Weekend zapowiada się cieplejszy, więc dziś polecam szaszłyki. Szaszłyki są drobiowe, więc będą propozycją bardzo rodzinną i maluchy również nie powinny wybrzydzać ;) Piersi z kurczaka świetnie się nabija na patyki, nie trzeba się bawić w krojenie ich w kostkę, co znacznie przyspiesza przygotowanie - kolejny duży plus ;)
Inspiracją do stworzenia takiej, a nie innej marynaty był konkurs Winiary i Kotlet.tv, stąd w składzie nowość Winiary - sos chilli. Doskonale się w mojej marynacie sprawdził - mięso było delikatne i nie za bardzo pikantne. Myślę, że możecie też przygotować marynatę na bazie pikantnego ketchupu.
Składniki podaję na porcję dla 2 - 3 osób, ale potraktujcie to umownie. Ostateczna ilość szaszłyków zależy zarówno od wielkości piersi, jak i tego jak ją pokroicie i jakie macie patyczki ;) Ja zrobiłam sześć szaszłyków.
Pamiętajcie o uwzględnienie czasu na chłodzenie mięsa w marynacie. Może stać nawet w temperaturze pokojowej, ale ważne, żeby przynajmniej godzinę się marynowało.
Składniki (2 - 3 porcje):
- pierś z kurczaka podwójna
- łyżka sosu chilli (lub pikantnego ketchupu)
- 2 łyżeczki miodu
- łyżka soku z cytryny
- 2 łyżki oliwy z oliwek
- ząbek czosnku
- sól do smaku
- kilka gałązek świeżego tymianku do podania
Przygotowanie:
1. Ze wszystkich składników (oprócz piersi i tymianku) przygotowujemy marynatę. Dokładnie mieszamy do uzyskania jednolitej konsystencji. Doprawiamy do smaku solą.
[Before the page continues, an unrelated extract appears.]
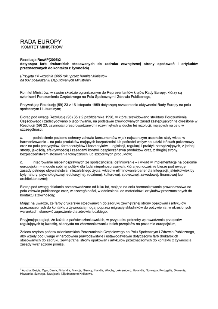 RADA EUROPY KOMITET MINISTRÓW Rezolucja ResAP(2005)2 dotycząca farb drukarskich stosowanych do zadruku zewnętrznej strony opakowań i artykułów przeznaczonych do kontaktu z żywnością (Przyjęta 14 września 2005 roku przez Komitet Ministrów na 937 posiedzeniu Deputowanych Ministrów) Komitet Ministrów, w swoim składzie ograniczonym do Reprezentantów krajów Rady Europy, którzy są członkami Porozumienia Częściowego na Polu Społecznym i Zdrowia Publicznego,1 Przywołując Rezolucję (59) 23 z 16 listopada 1959 dotyczącą rozszerzenia aktywności Rady Europy na polu społecznym i kulturalnym; Biorąc pod uwagę Rezolucję (96) 35 z 2 października 1996, w której zrewidowano struktury Porozumienia Częściowego i zadecydowano o jego trwaniu, na podstawie zrewidowanych zasad zastępujących te określone w Rezolucji (59) 23, czynności przeprowadzanych i rozwiniętych w duchu tej rezolucji; mających na celu w szczególności: a. podniesienie poziomu ochrony zdrowia konsumentów w jak najszerszym aspekcie: stały wkład w harmonizowanie – na polu produktów mających bezpośredni lub pośredni wpływ na ludzki łańcuch pokarmowy oraz na polu pestycydów, farmaceutyków i kosmetyków – legislacji, regulacji i praktyk zarządzających, z jednej strony, jakością, efektywnością i zasadami kontroli bezpieczeństwa produktów oraz, z drugiej strony, bezpieczeństwem stosowania toksycznych lub szkodliwych produktów; b. integrowanie niepełnosprawnych ze społecznością: definiowanie – i wkład w implementację na poziomie europejskim – modelu spójnej polityki dla ludzi niepełnosprawnych, która jednocześnie bierze pod uwagę zasady pełnego obywatelstwa i niezależnego życia; wkład w eliminowanie barier dla integracji, jakiejkolwiek by były natury, psychologicznej, edukacyjnej, rodzinnej, kulturowej, społecznej, zawodowej, finansowej lub architektonicznej; Biorąc pod uwagę działania przeprowadzane od kilku lat, mające na celu harmonizowanie prawodawstwa na polu zdrowia publicznego oraz, w szczególności, w odniesieniu do materiałów i artykułów przeznaczonych do kontaktu z żywnością; Mając na uwadze, że farby drukarskie stosowanych do zadruku zewnętrznej strony opakowań i artykułów przeznaczonych do kontaktu z żywnością mogą, poprzez migrację składników do pożywienia, w określonych warunkach, stanowić zagrożenie dla zdrowia ludzkiego; Przyjmując pogląd, że każde z państw członkowskich, w przypadku potrzeby wprowadzenia przepisów regulujących tą kwestię, skorzysta na zharmonizowaniu takich przepisów na poziomie europejskim, Zaleca rządom państw członkowskich Porozumienia Częściowego na Polu Społecznym i Zdrowia Publicznego, aby wzięły pod uwagę w narodowym prawodawstwie i ustawodawstwie dotyczącym farb drukarskich stosowanych do zadruku zewnętrznej strony opakowań i artykułów przeznaczonych do kontaktu z żywnością zasady wyznaczone poniżej. 1 Austria, Belgia, Cypr, Dania, Finlandia, Francja, Niemcy, Irlandia, Włochy, Luksemburg, Holandia, Norwegia, Portugalia, Słowenia, Hiszpania, Szwecja, Szwajcaria i Zjednoczone Królestwo. Załącznik do Rezolucji ResAP(2005)2 1. CEL 1.1. Rezolucja ma zastosowanie do farb i lakierów drukarskich (od tej pory zwanych “farbami do opakowań”) i każdej warstwy farb lub lakierów drukarskich, kolorowej lub nie, nałożonej podczas odpowiedniego procesu na zewnętrznej strony opakowań i artykułów przeznaczonych do kontaktu z żywnością. 1.2. Warstwy farb do opakowań w bezpośrednim kontakcie z żywnością są wyłączone z zakresu zastosowania niniejszej rezolucji. 1.3. W przypadku istnienia dowodów, że użyte podłoże uniemożliwia migrację jakichkolwiek substancji z farby do opakowań, i możliwe jest uniknięcie odbijania lub innego przechodzenia substancji, niniejsza rezolucja nie ma zastosowania. 2. DEFINICJE Na potrzeby niniejszej rezolucji przyjmuje się, że: 2.1. farby do opakowań to farby i lakiery drukarskie stosowane do zadruku zewnętrznej strony opakowań i artykułów przeznaczonych do kontaktu z żywnością; 2.2. farby do opakowań oznaczają każdą mieszaninę wytworzoną z pigmentów, spoiw, plastyfikatorów, rozcieńczalników, suszek i innych dodatków. Oparte na bazie rozcieńczalników, wody, oleo – żywiczne, lub utrwalane poprzez dostarczenie energii (promieniowaniem UV lub strumieniem elektronów). Stosowane w procesie drukowania lub lakierowania, techniką fleksograficzną, wklęsłodrukową, offsetową, sitodrukową (farba lub lakier); 2.3. farby do opakowań, w swoim gotowym stanie, są cienkimi warstwami wyschniętej lub utrwalonej farby lub lakieru na zewnętrznej stronie podłoża; 2.4. podłoże to każdy materiał lub artykuł przeznaczony do kontaktu z żywnością, taki jak szkło, metal, papier, karton, plastik, tkanina lub laminat wytworzony z tych materiałów. 3. WYMAGANIA 3.1. Zadrukowane materiały i artykuły przeznaczone do kontaktu z żywnością, nie powinny, w swoim gotowym stanie i przy normalnych i możliwych do przewidzenia warunkach użycia, przekazywać swoich składników do pożywienia w ilościach, które zagrażać mogą ludzkiemu zdrowiu lub w sposób nieakceptowany zmieniać skład żywności lub pogarszać jej charakterystyki organoleptyczne, zgodnie z Artykułem 3 Rozporządzenia (WE) nr 1935/2004. 3.2. Aby spełnić ten cel, należy spełnić następujące wymagania: 3.2.1. substancje wchodzące w skład farb do opakowań powinny być dobrane w zgodności z wymaganiami dotyczącymi doboru substancji do produkcji farb do opakowań wyznaczonymi w Dokumencie Technicznym Nr 1: 3.2.1.1 do produkcji farb objętych niniejszą rezolucją można użyć jedynie substancji wymienionych w spisie substancji; 3.2.1.2 substancje wymienione w spisie, ale nie określone toksykologicznie mogą być zastosowane pod warunkiem udowodnienia, że nie będą one migrować do pożywienia.2 W tym celu należy zastoso

2. Piersi kroimy na paski o szerokości ok. 1,5 cm. Oczywiście małe polędwiczki przy piersiach odkrawamy i również ich używamy. Nabijamy na patyczki w finezyjne kształty ;) Moje może nie są bardzo finezyjne, ale trenuję ;)
3. Każdy szaszłyk smarujemy dokładnie marynatą, układamy w miseczce lub plastikowym pudełku i wstawiamy na minimum godzinę do lodówki.
4. Układamy szaszłyki na rozgrzanym grillu, smażymy (pieczemy?) często obracając, ponieważ łatwo ich nie upilnować ;)
5. Podajemy z gałązkami świeżego tymianku. Można również oberwać z tymianku listki i posypać nimi szaszłyki. Smacznego!!
wyglądają mega apetycznie:)
OdpowiedzUsuńkiedyś nie wierzyłam w marynowanie mięsa (i nie tylko mięsa), ale teraz chętnie odczekam tę godzinę, zanim potrawa nabierze smaku i aromatu.
OdpowiedzUsuńpozdrawiam
monika
Ja się przekonałam, jak kiedyś sobie przyprawiłam i się okazało, że jednak nie robię dzisiaj obiadu - całą noc przeleżało w lodówce i było po prostu rewelacyjne :)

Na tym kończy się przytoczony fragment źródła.